** RECORD EXTRACTS follows **
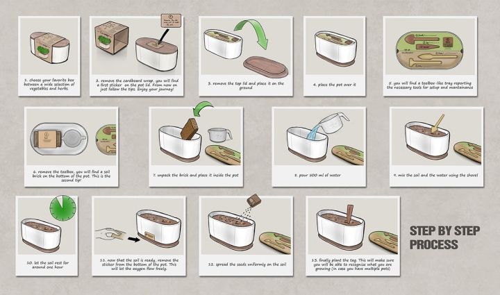 包装设计-阳台上的菜园 到2050年,全球共计60亿人口将居住在城市地区。设计商希望通过在阳台上轻松的种植蔬菜作为一个有趣的创意点,以一种引人入胜的体验来教育人们重新连接人与自然的城市环境。该设计包包括一个锅,土,肥料,园艺工具,种子和喷壶。以其现代化的和最小化的结构,被用于在阳台或室内都是非常不错的选择。 品牌设计,VI设计,VI设计公司,心铭舍 www.xinming.sg
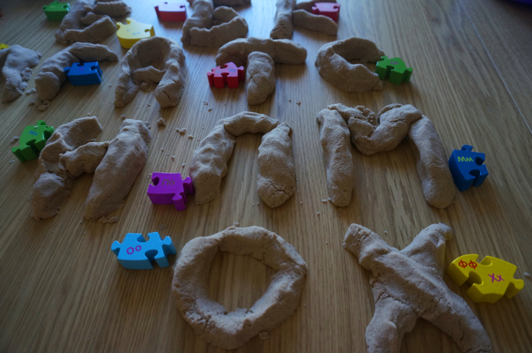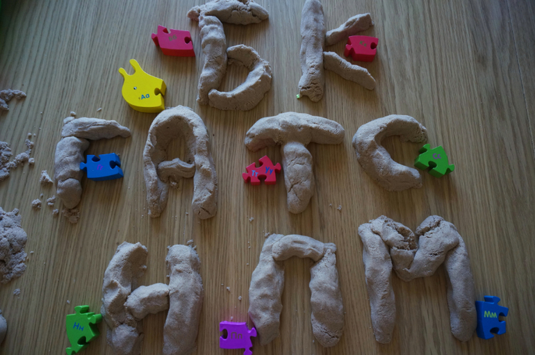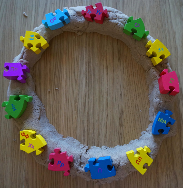 Школа дошколят (все о изучении букв, цифр, развитии логики, памяти, воображения, мышления)Понесло нас с Машей на азбуку во всех эпостасиях! Мы пробуем создавать буквы из всего, во что обычно играем! Она быстро вовлекается в процесс, и правда, все лучше запоминает буквы! На этот раз работали с кинетическим песком, пазлом-улиткой и формочками. Вот такие получились вариации. Больше о нашей азбуке в этой рубрике.
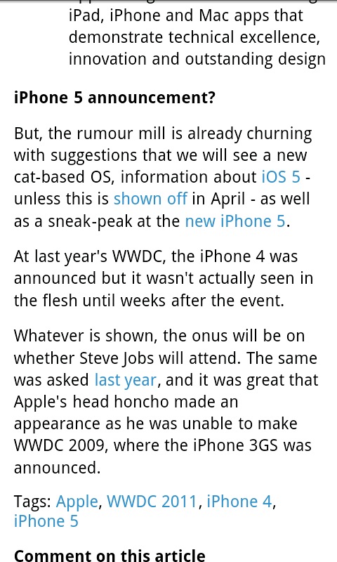 We mentioned in our Google Nexus S review that we wanted text to reflow as you zoomed in, rather than having to tap, and that's what we've got here. As soon as you've finished pinching or doubleop-tapping, the text is reorganised and ready to read.
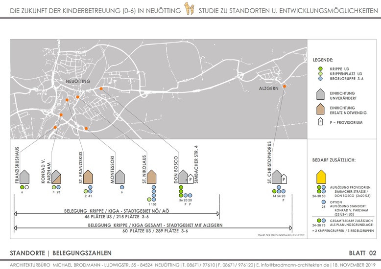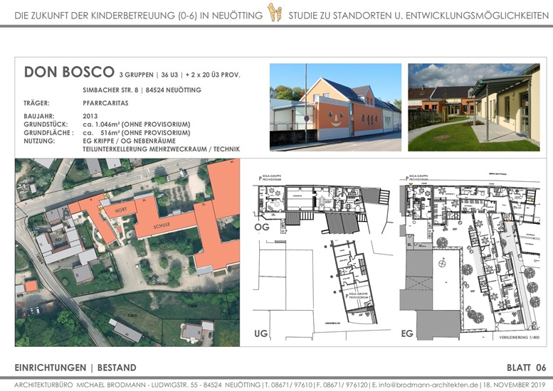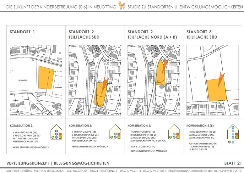 Zukunft der Kinderbetreuung 0-6 Jahre in Neuötting | Standorte und Entwicklungsmöglichkeiten | Studie und Ausarbeitung für 3 Grundstücke | 2019
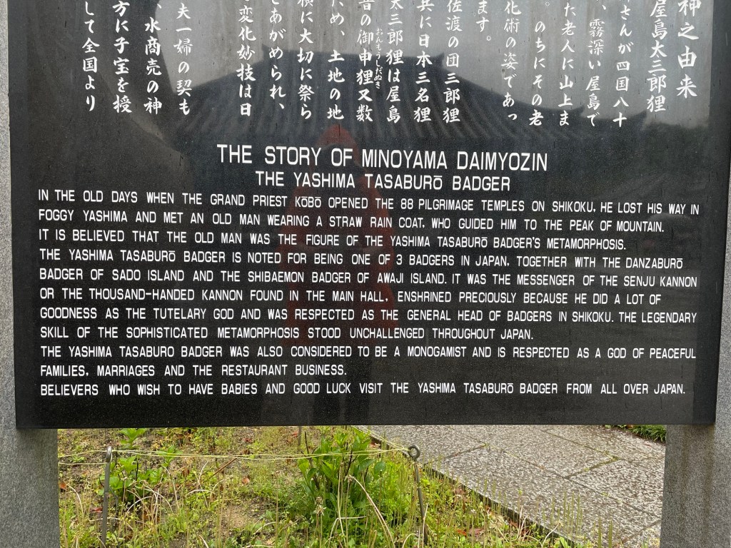 Ah yes. The Yashima Tasaburo Badger, the “god of peaceful families, marriages and the restaurant business.”
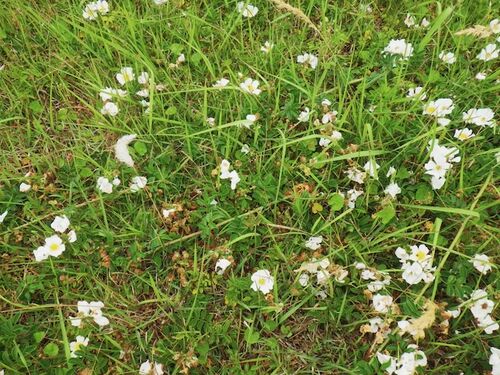 初夏の頃、海岸そばの草地で、「私、バラの花です!」って感じで(?)咲き誇るテリハノイバラ。 3cm以上ある白い花は、よく目立ちます。 鎌型をした鋭い棘が地面を這っているので、夏にサンダルばきで歩くときには注意が必要です! 葉っぱは、厚くてテカテ…
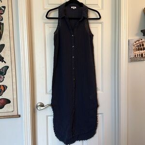 Splendid navy shirt style dress distressed hem XS button down midi
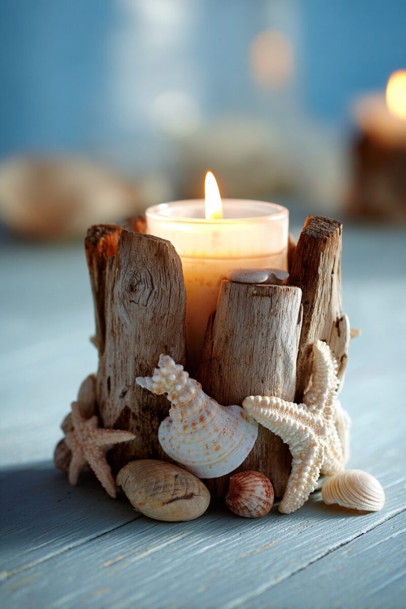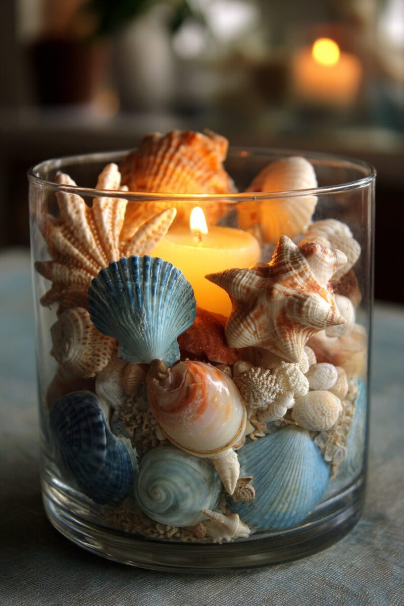Those seashells collected from beach vacations can transform into enchanting candle holders that bring coastal vibes to any space.
** End of RECORD EXTRACTS **
An exact copy of the lines from the one with "Splendid navy shirt" through the end of the records: produce that and nothing more, leaving out the pictures.

• [ANSWER FOR THE TASK]
 Splendid navy shirt style dress distressed hem XS button down midi
Those seashells collected from beach vacations can transform into enchanting candle holders that bring coastal vibes to any space.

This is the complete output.